About this task:
What is wanted is every line below from the one with "Caractéristiques du produit" up to and including the one with "这里还可以使用qq推广,在页面上生成一个qq链接,点击后可以与链接设定的人聊天", retyped exactly, pictures excluded, nothing else.

Dataset records:
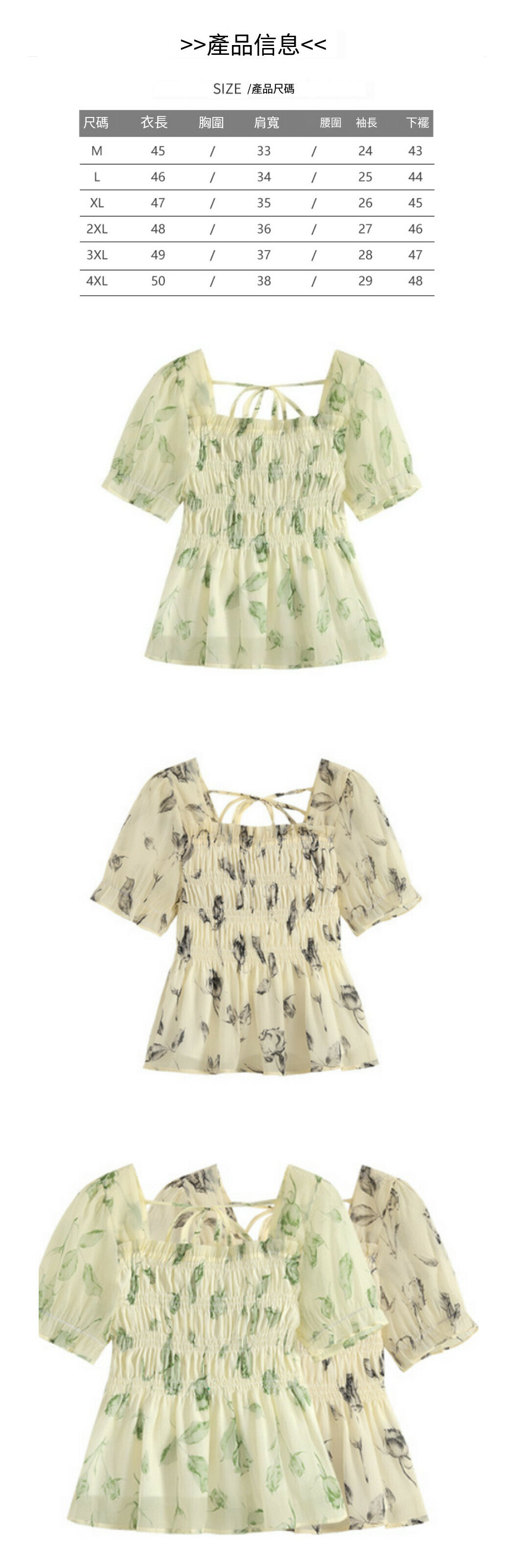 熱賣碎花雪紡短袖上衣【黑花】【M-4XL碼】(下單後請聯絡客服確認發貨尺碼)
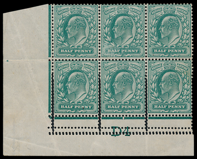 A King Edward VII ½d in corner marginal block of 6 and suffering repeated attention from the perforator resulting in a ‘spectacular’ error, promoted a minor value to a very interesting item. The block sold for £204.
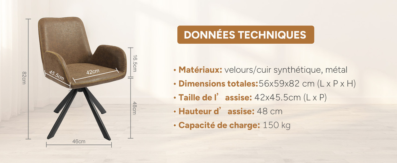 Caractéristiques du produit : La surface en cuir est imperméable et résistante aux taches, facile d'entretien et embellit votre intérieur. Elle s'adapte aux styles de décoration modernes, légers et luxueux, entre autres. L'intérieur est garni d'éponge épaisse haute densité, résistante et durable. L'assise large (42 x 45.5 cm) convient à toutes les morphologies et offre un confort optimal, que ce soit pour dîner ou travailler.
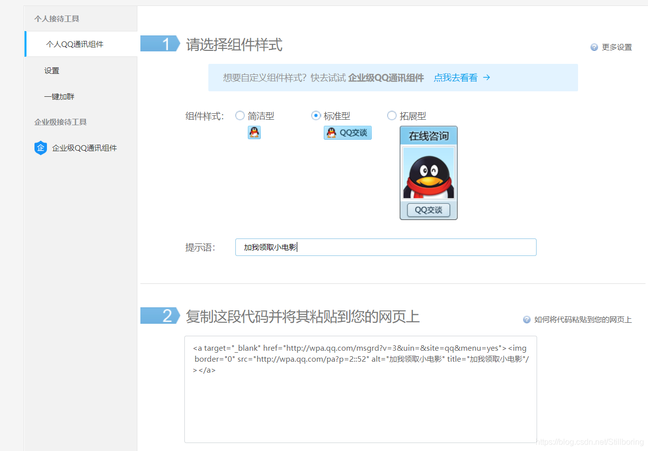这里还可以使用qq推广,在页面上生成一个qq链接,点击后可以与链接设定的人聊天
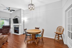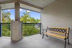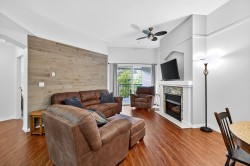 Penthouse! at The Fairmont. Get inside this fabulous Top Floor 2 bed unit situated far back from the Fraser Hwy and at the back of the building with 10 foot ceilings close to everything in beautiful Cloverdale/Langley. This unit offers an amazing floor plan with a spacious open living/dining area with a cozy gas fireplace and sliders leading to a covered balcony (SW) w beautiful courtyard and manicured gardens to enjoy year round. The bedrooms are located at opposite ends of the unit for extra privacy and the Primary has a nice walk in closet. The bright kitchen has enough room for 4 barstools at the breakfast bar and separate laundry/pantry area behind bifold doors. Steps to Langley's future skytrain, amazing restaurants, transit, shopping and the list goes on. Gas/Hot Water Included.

Exercise response:
 Caractéristiques du produit : La surface en cuir est imperméable et résistante aux taches, facile d'entretien et embellit votre intérieur. Elle s'adapte aux styles de décoration modernes, légers et luxueux, entre autres. L'intérieur est garni d'éponge épaisse haute densité, résistante et durable. L'assise large (42 x 45.5 cm) convient à toutes les morphologies et offre un confort optimal, que ce soit pour dîner ou travailler.
这里还可以使用qq推广,在页面上生成一个qq链接,点击后可以与链接设定的人聊天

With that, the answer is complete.